Upon hearing does words from the doctor's mouth, I began to cry even more. Dad was also crying. William and Sarah comforted both of us.

Why was this happening to me only? Why do I always lose the person whom I love the most. First Alex and now mum.

"Dear, I think we should get out of here.", Sarah whispered in my ears. She took my hands and brought me out and asked me to sit down. She told me she needed to do some formalities and left me there alone.
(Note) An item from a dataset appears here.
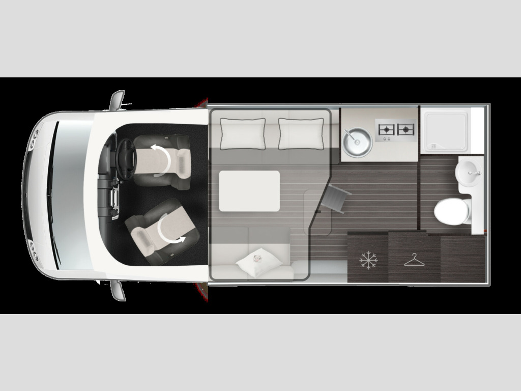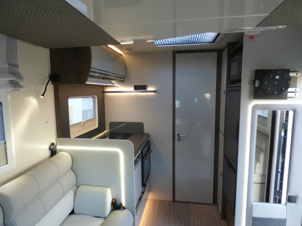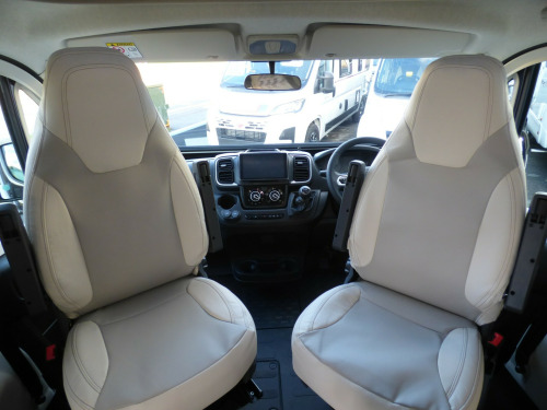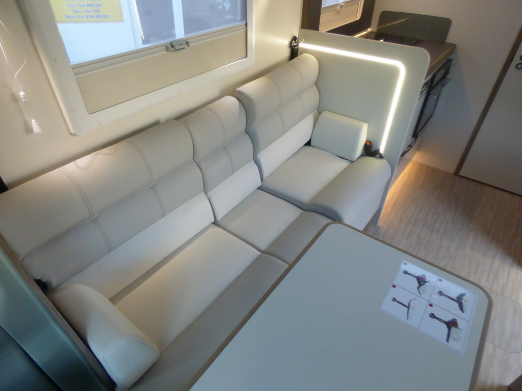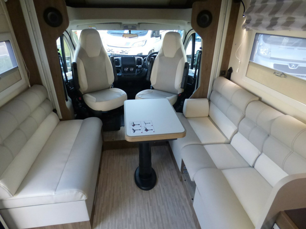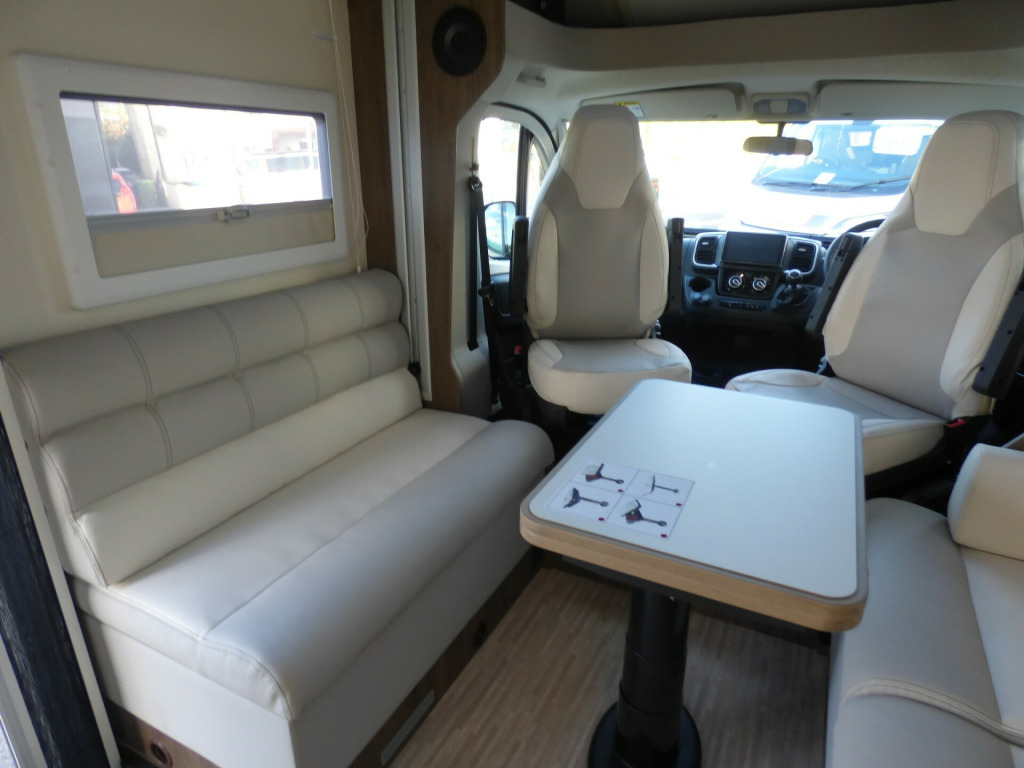 Brand New 2026 Model T-Line 590 140bhp automatic in stock now. A Fantastic new layout to the T-Line range, the new 590 model provides new lounge set up and a host of new features but maintains the price point from the 2025 model. The lounge area is laid out as two opposing sofas with the front seats swivelling to accommodate 6 with ease. The large elevating bed over simply drops down for evening use. The central kitchen is fitted with a gas hob, gas oven/grill and a new compressor fridge/freezer. The rear bathroom has a separate shower cubicle, cassette type toilet and a wash hand basin along with access to the rear storage area. Heating and hot water is via a Truma dual fuel system and other features for this T-Line 590 include: Alloy Wheels, Pioneer infotainment system, Twin 200w solar panels with MPPT controllers, Twin leisure batteries, Fiamma bike rack, Thule wind out awning, External BBQ and Shower points, WiFi, pleated cab blinds, carpets and ISOfix child seat fixings. 4 berth, 4 seat belts, L. 5.99m, W. 2.35m, H. 2.95m, 3,500kg, delivery miles. wifi, alloy wheels, automatic transmission, cab a/c, carpets, iso fix child seat fixings, microwave, pioneer sat nav/infotainment system, pleated cab blinds, reversing camera, thule 4 bike rack, thule awning, tv bracket, twin 200w solar panels with twin mppt controllers, twin leisure batteries, 16'' Alloys

I was still crying but it was lesser than before. Darren joined me and sat next to me. He looked at me and then turned his head away. I didn't felt like talking to anyone.

"I'm sorry.", Darren whispered in my ears.

I looked at him and I saw him taking my hand. What was he sorry for? Losing my mum? Was he trying to sympathise with me?

"Look, if you think I'm sorry that you have lose your mum then you are wrong. I'm sorry that I took your phone and spoiled it. Because of me you don't have any memories of your mum.", he explained to me.

I didn't hesitate but quickly gave him a hug. A tight hug. I began to cry as soon as I placed my head on his shoulder. He didn't hug me back but after some time I could feel his hand on my hip and the other on my head trying to calm me down.

"It's okay Nina. I've also lose someone who cares for me as well. I've lose someone who loves me a lot. I know how it feels.", he whispered in my ears and began to hug me tighter than before.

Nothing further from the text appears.